TLDR: Humans have a radically different curiculum training tech which we have perfected over literally millenia which starts with a few years of pretraining on about 1e15 bits of lower value sensory data, and then gradually shifts more to training for another few decades on about 1e10 bits of higher value token/text data.
It is pretty likely that part of our apparent token/word data efficiency at abstract tasks does come from our everday physics sim capabilities which leverages the lower level vision/sensor modules trained on the larger ~1e15 bits (and many linguistics/philosophers were saying this long ago—the whole symbol grounding problem).
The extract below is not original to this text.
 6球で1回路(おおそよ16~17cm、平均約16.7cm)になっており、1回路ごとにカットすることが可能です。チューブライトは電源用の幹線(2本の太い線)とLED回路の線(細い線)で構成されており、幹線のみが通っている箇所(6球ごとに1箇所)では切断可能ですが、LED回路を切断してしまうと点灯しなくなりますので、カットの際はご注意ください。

And I agree with that. I suspect that is not the only source of our data efficiency, but yes I”m reasonably confident that AGI will require a much more human like curriculum training (with vision/sensor ‘pretraining’).
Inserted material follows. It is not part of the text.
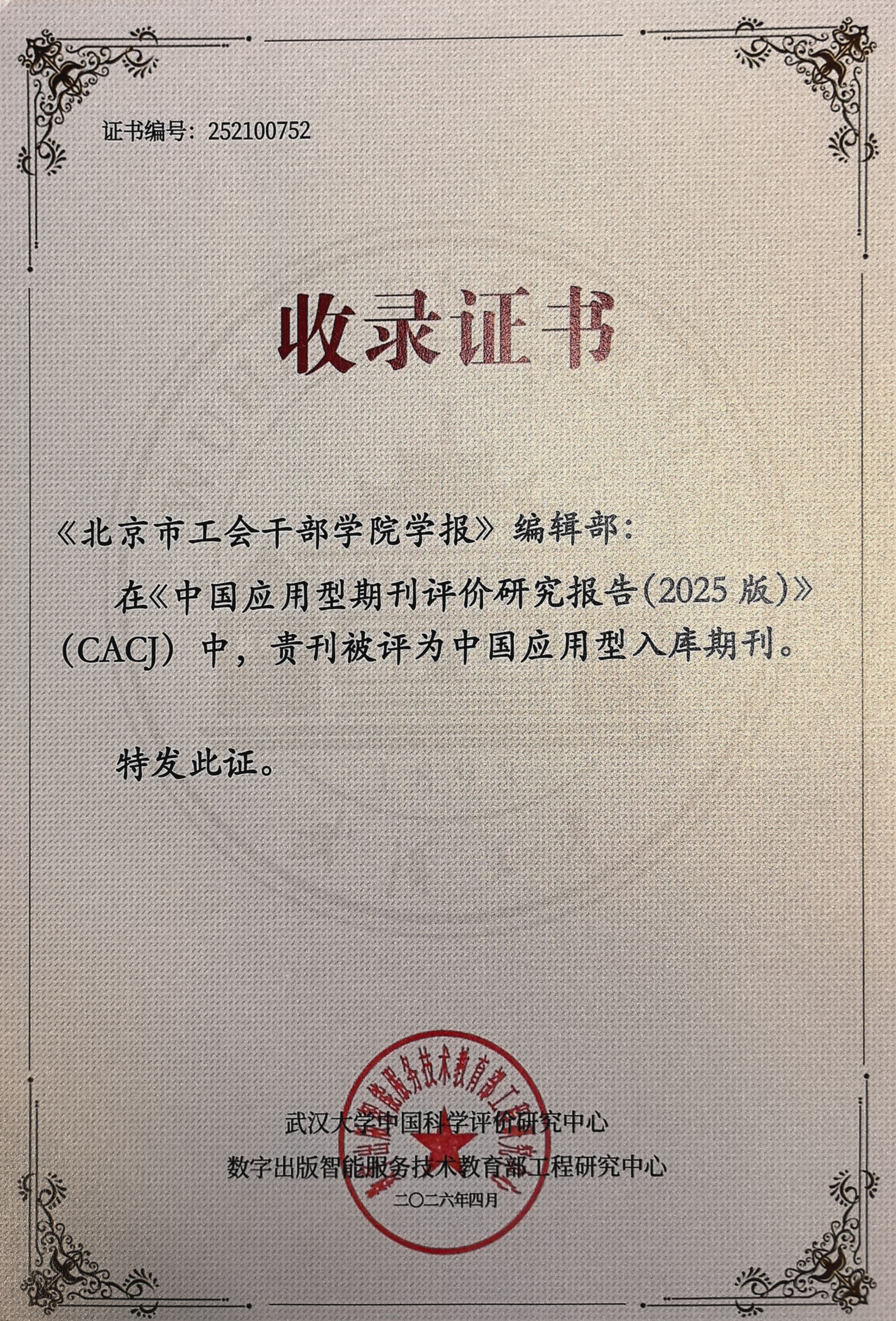 近日,由武汉大学中国科学评价研究中心、数字出版智能服务技术教育部工程研究中心联合研发的《中国应用型期刊评价研究报告(2025版)》正式发布。《北京市工会干部学院学报》首次参评并成功获评“CACJ中国应用型入库期刊”。这是我校学报主动走出校门、接受社会评价的重要突破,也是服务学校高质量发展取得的又一积极成果。

On the other hand we also have examples like hellen keller who place some rough limits on that transfer effect, and we have independent good reasons to believe the low level vision data is much more redundant (in part because the text stream is a compressed summary of what originally was low level vision/sensory data!).
Looking at it another way: this is the crux of human vs animal intelligence. An animal with similar lifespan and brain size (which are naturally correlated due to scaling laws!) only would have the 1e15 bits of sensory training data. Humans also curriculum train on 1e10 bits of a carefully curated subset of the total ~1e12 bits of accumulated human text-symbolic knowledge, which itself is a compression of the 1e26 bits of sensory data from all humans who have ever lived. Thus the intelligence of individual humans scales a bit with the total size of humanity, whereas it’s basically just constant for animals. Combine that with the exponential growth of human population and you get the observed hyperexponential trajectory leading to singularity around 2047. (prior LW discussion)
So the intelligence explosion people like Eliezer Yudkowsky and Luke Muehlhauser were possibly more right than they knew?
I’ll give them credit for predicting the idea that the future would be much weirder and unstable ala the Singularity long before Open Philanthropy saw the problem.
It also means stakes on the order of Pascal’s mugging are fairly likely this century, and we do live in the hinge of history.
I kinda hate summarizing EY (even EY-circa-2008) into a paragraph, but EY’s version of the intelligence explosion or singularity was focused heavily on recursively self improving AI that could quickly recode itself in ways humans presumably could not, and was influenced/associated with a pessimistic evolved modularity view of the brain that hasn’t aged well. Rapid takeoff, inefficient brains, evolved modularity, etc all tie together and self reinforce.
What has aged much better is the more systems-holistic singularity (moravec/kurzweil, john smart, etc) which credits (correctly) human intelligence to culture/language (human brains are just bog standard primate bains slightly scaled up 3x) - associated with softer takeoff as the AI advantage is mostly about allowing further exponential expansion of the size/population/complexity of the overall human memetic/cultural system. In this view recursive self improvement is just sort of baked in to acceleration rather than some new specific innovation of future AI, and AI itself is viewed as a continuation of humanity (little difference between de novo AI and uploads), rather than some new alien thing.